§ **Problem**:
From the entries below, reproduce exactly the lines from the one with "Набор из 12-ти корзин" through the one with "张国丽老师首先从全国高校毕业", both included, without images.

Start of Input material

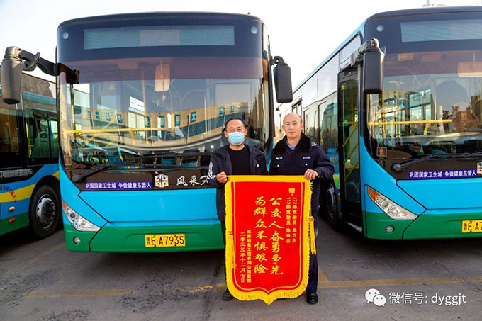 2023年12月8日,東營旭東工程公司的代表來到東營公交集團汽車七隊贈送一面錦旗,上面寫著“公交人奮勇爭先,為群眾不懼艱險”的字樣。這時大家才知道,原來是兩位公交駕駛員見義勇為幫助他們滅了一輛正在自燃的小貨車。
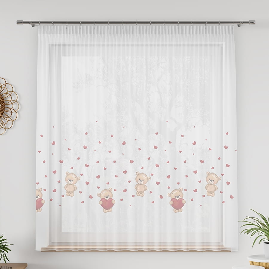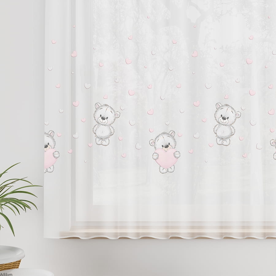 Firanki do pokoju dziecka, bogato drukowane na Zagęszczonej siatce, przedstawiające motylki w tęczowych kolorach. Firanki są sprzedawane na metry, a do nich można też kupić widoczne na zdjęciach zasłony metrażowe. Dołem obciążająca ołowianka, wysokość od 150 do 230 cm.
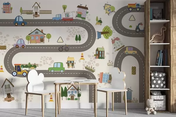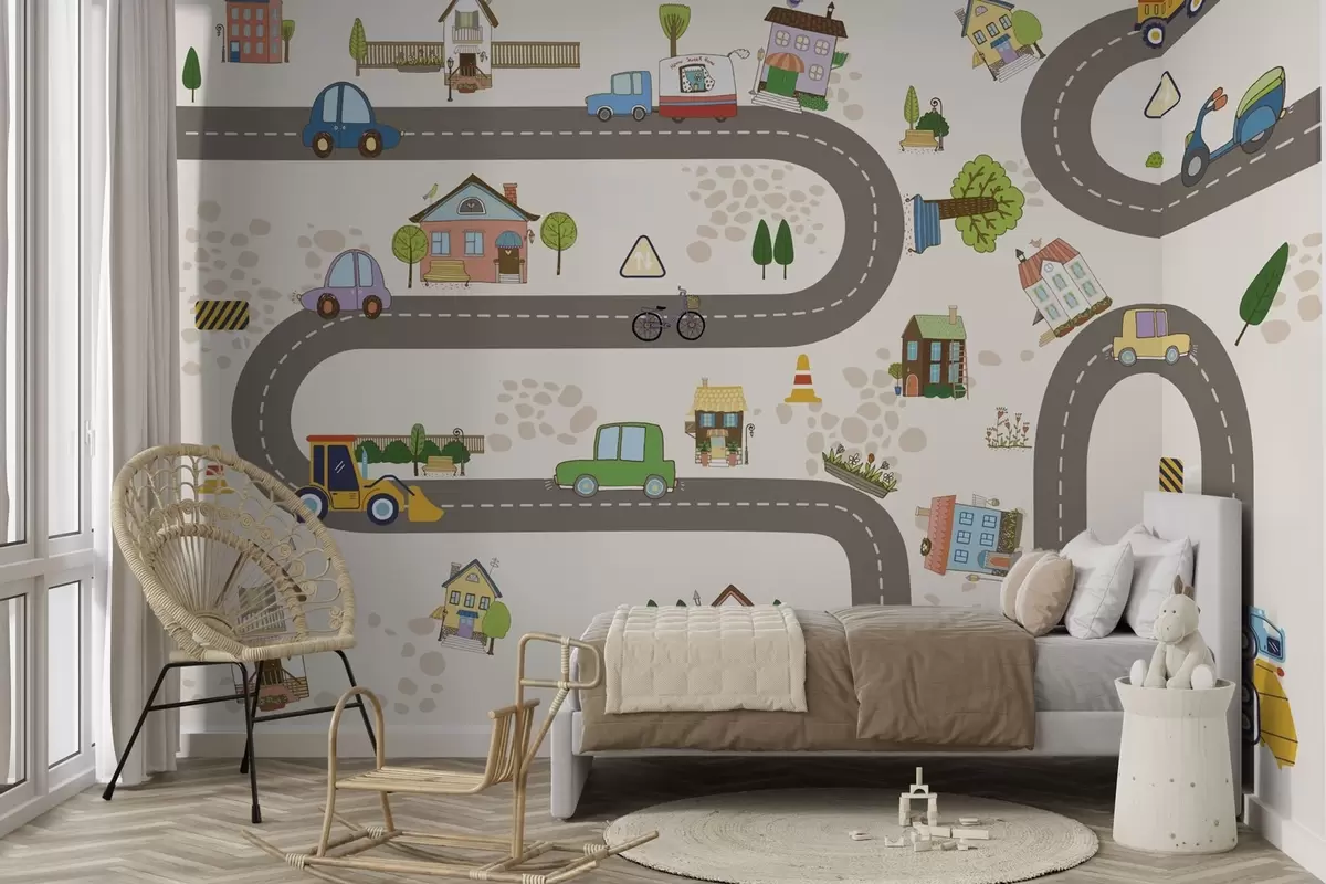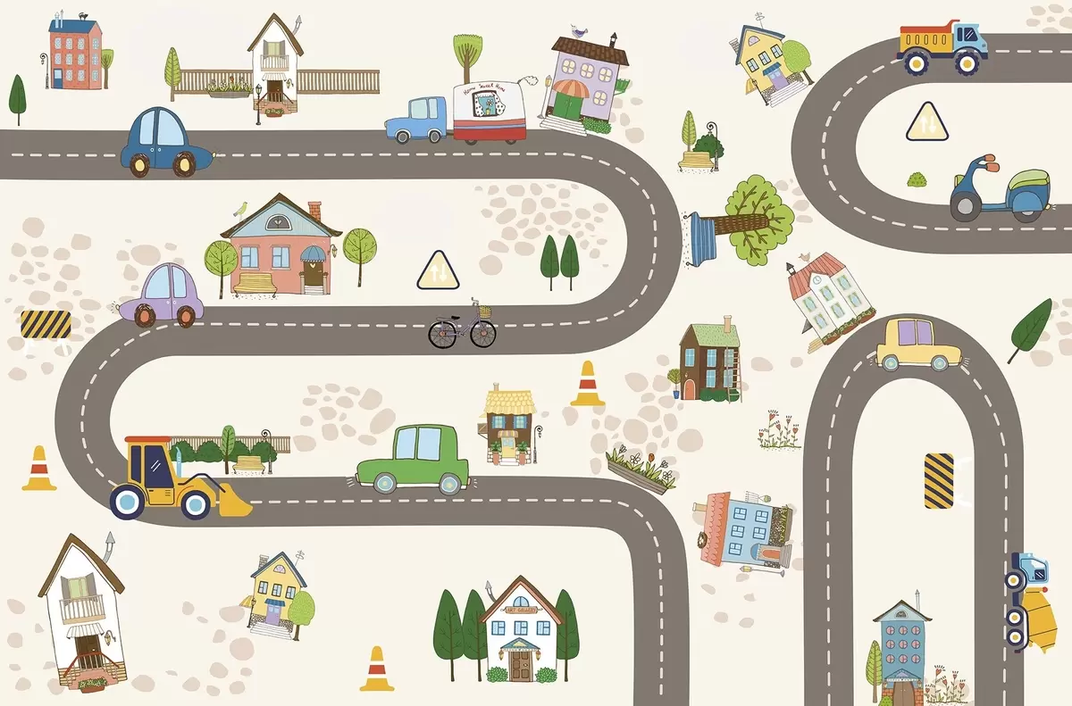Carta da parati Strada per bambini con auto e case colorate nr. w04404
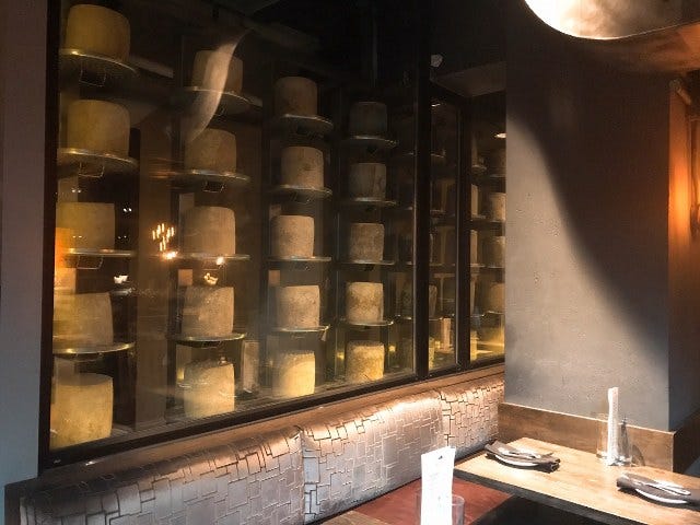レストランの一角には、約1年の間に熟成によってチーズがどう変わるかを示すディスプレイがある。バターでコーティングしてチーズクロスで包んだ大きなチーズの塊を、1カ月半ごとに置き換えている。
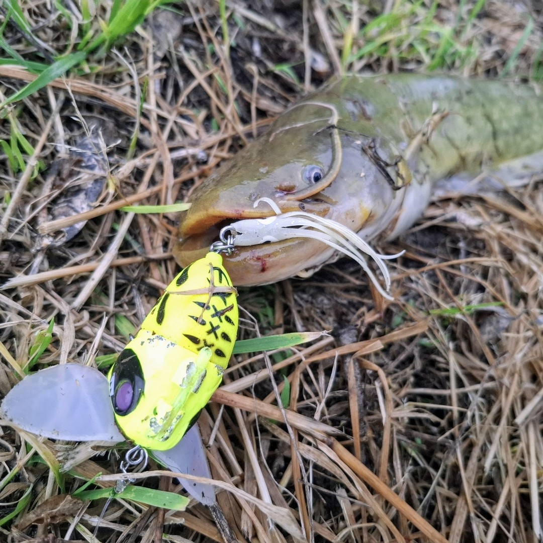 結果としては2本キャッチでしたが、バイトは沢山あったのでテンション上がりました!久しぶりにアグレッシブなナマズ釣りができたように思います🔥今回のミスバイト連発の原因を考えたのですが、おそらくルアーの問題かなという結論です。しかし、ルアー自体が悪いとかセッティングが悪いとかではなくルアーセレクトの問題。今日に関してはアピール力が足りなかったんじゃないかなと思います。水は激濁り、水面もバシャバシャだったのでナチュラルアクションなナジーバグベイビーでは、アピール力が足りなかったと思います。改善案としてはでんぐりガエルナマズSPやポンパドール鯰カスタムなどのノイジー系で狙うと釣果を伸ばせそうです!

End of Input material
Start of Input material

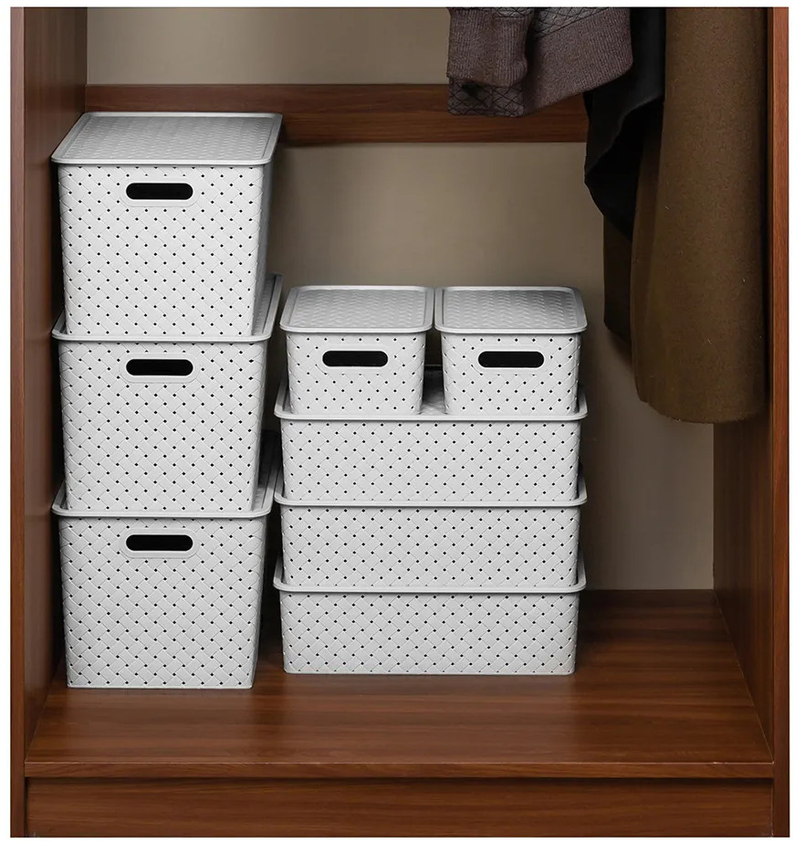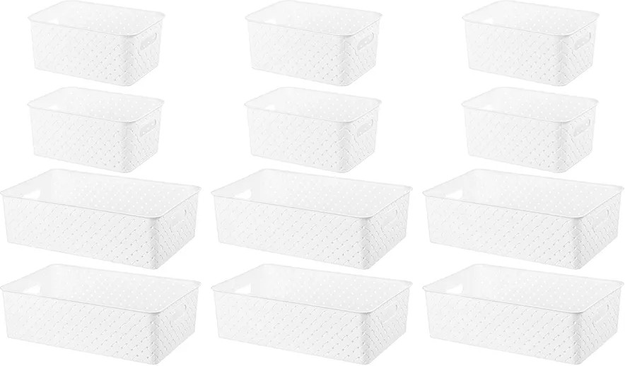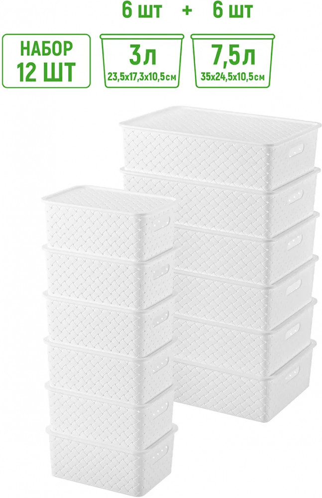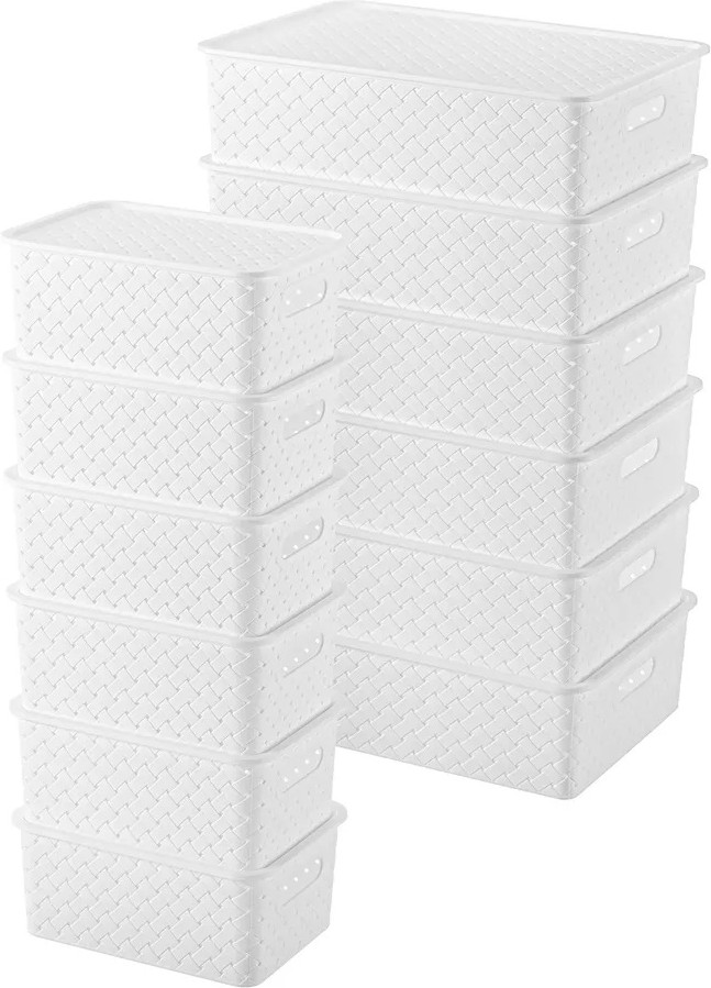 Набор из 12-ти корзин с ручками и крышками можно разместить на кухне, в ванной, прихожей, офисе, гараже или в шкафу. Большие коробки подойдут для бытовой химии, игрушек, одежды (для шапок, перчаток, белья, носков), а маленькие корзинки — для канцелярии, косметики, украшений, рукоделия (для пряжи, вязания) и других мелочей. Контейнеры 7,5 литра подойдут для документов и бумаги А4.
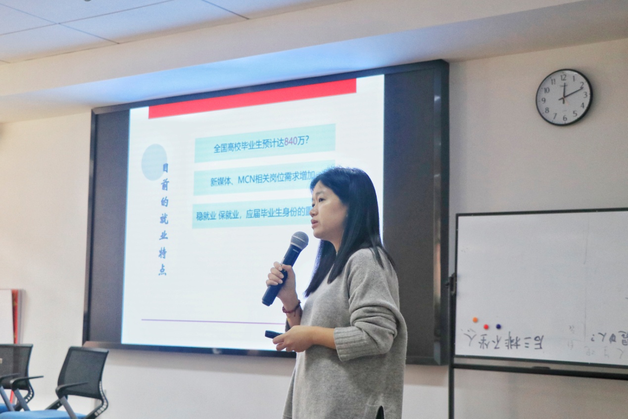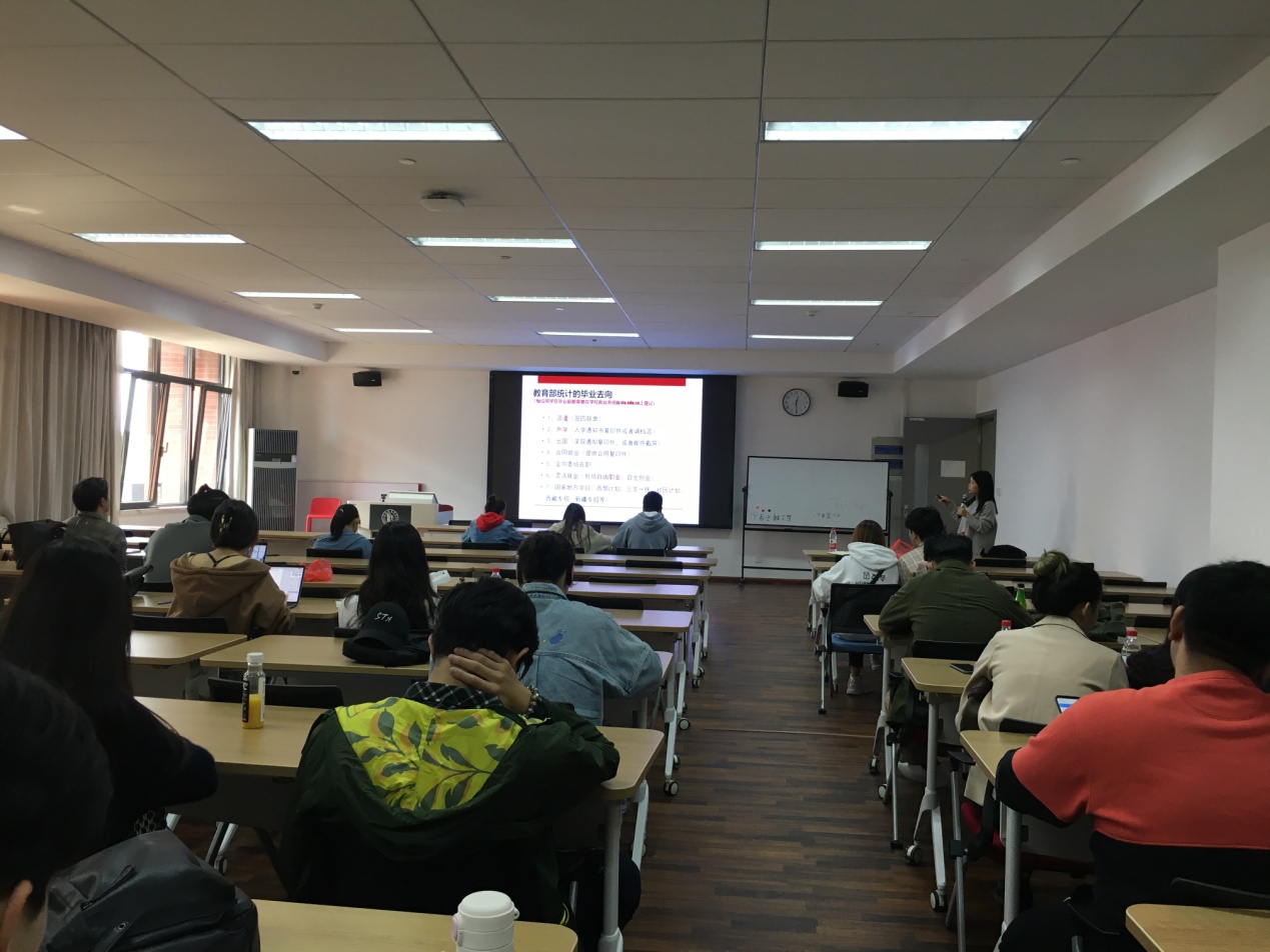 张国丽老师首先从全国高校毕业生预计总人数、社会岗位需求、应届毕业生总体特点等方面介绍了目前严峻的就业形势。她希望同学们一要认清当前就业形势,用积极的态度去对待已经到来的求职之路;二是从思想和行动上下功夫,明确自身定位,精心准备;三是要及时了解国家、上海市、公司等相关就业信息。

End of Input material

§ **Solution to the problem**:
 Набор из 12-ти корзин с ручками и крышками можно разместить на кухне, в ванной, прихожей, офисе, гараже или в шкафу. Большие коробки подойдут для бытовой химии, игрушек, одежды (для шапок, перчаток, белья, носков), а маленькие корзинки — для канцелярии, косметики, украшений, рукоделия (для пряжи, вязания) и других мелочей. Контейнеры 7,5 литра подойдут для документов и бумаги А4.
 张国丽老师首先从全国高校毕业生预计总人数、社会岗位需求、应届毕业生总体特点等方面介绍了目前严峻的就业形势。她希望同学们一要认清当前就业形势,用积极的态度去对待已经到来的求职之路;二是从思想和行动上下功夫,明确自身定位,精心准备;三是要及时了解国家、上海市、公司等相关就业信息。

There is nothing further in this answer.